Varmint hunters shoot BlitzKing bullets, known for their superb accuracy and explosive characteristic. Big game hunters prefer the Pro-Hunter with flat base bullets or GameKings which feature a boat tail design. While shooting pistol rounds such as .357 Mag., 10mm, .41 Mag. and .44 Mag., I’ve appreciated the accuracy delivered by the Sierra’s Sports Master line. Any way you slice it, Sierra provides quality bullets for handgunners.

Barnes offers premium bullets for revolvers and single-shots alike. Their name is legendary when it
comes to performance

More Goodness

Hornady also manufactures a multitude of excellent bullets for a wide range of applications. Their A-Max match bullet is super accurate. Varmint hunters appreciate the V-Max bullet for those over-populated prairie dog towns. These bullets, with their polymer tip, have shot well in several of my .223 handguns. For deer hunting I’ve punched more tags than I can recall with Hornady’s SST offering, as this bullet is known for rapid expansion.
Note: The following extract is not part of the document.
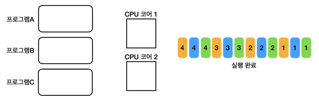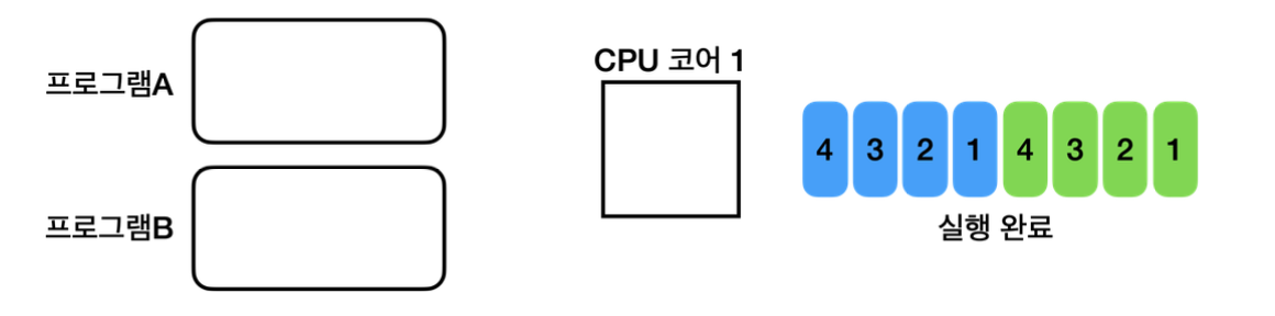 (현대 CPU는 1초에 수십억번의 연산이 가능하기 때문에 우리는 이렇게 번갈아 가며 수행하는 것을 느끼지 못한다)

The Interbond, Interlock and GMX bullets are also great in the field. While I haven’t experimented with their new line of ELD-X bullets, this will change in the future. Most of my revolvers enjoy tight groups with their XTP bullet. This has also been a real effective hunting bullet for whitetail. Some of my best groups from several different revolvers have been with the XTP. Regardless of your shooting needs, Hornady has got the chores covered.

While shooting a .41 Mag. just yesterday I noticed Barnes XPB bullets were grouping nicely. I haven’t hunted with this bullet yet but the .41 Mag. will definitely see action soon. These all-copper bullets are lead free and available in .357 Mag. up to 500 S&W. A couple of .260 Remington single-shots also performed well with Barnes Tipped TSX bullets. These 100 percent lead free bullets with copper body and polymer tips have proven themselves to be extremely accurate. Rapid expansion and a high B.C. make these bullets a prime choice for hunting medium-sized game.

There are so many other good bullets available but unfortunately space does not allow us to cover them all. Cast bullets are another viable option for revolvers. My friend and revolver guru Dick Thompson is kind enough to supply powder-coated cast bullets for several sixguns I shoot. Those powder-coated cast bullets shoot great and leave a cleaner barrel. Once you find the particular load your gun prefers, good times are ahead.

Just because brand X shoots good in Joe’s gun doesn’t necessarily mean it will shoot good in yours. It may take a little time and persistence but finding a bullet your particular gun shoots accurately is worthwhile and rewarding. Choose the appropriate bullet for your intended purpose — and savor the results.